Authors: Jerome A. Cohen, Adjunct Senior Fellow for Asia Studies, and Eva Pils, Chinese University of Hong Kong Faculty of Law
December 4, 2009
Far Eastern Economic Review


Having contributed several essays on the development of China's judiciary to the FAR EASTERN ECONOMIC REVIEW over the last five years, it is sobering to look back on the fate of those individuals whose plight we discussed. The sufferings of these activists tell us much about the lack of progress to establish the rule of law.
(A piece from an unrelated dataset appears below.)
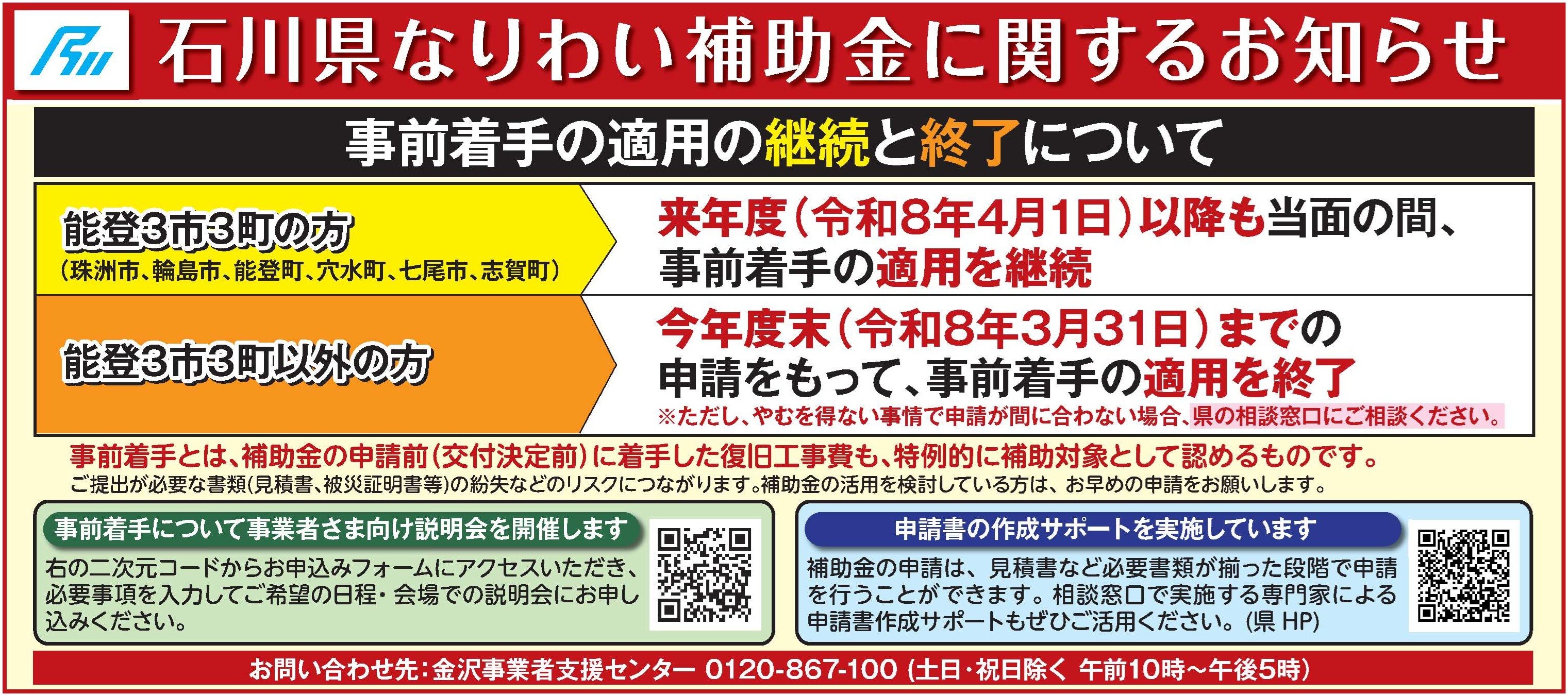 なりわい再建支援補助金・事前着手の適用の継続と終了について

Chen Guangcheng - This blind lay advocate's only ambition had been to help the weakest and neediest among his fellow rural residents to protect themselves against extortion and cruelty. A dirt-poor farmer's child, he campaigned to expose massive official abuses against the families of women who fled forced abortion and sterilization and against those who resisted unlawful "taxes." These activities incurred the wrath of local government and, it became increasingly clear, the central authorities (see Jerome Cohen's November 2005 essay for the review, "China Trips Up Its Barefoot Lawyers").

Just prior to his arrest, Mr. Chen participated in an online fasting campaign for human rights initiated by fellow activists Hu Jia, Gao Zhisheng and others, writing that he did this "to oppose thuggish behavior toward human rights defenders" and "to protect the dignity of the law and resist the brutality of local government."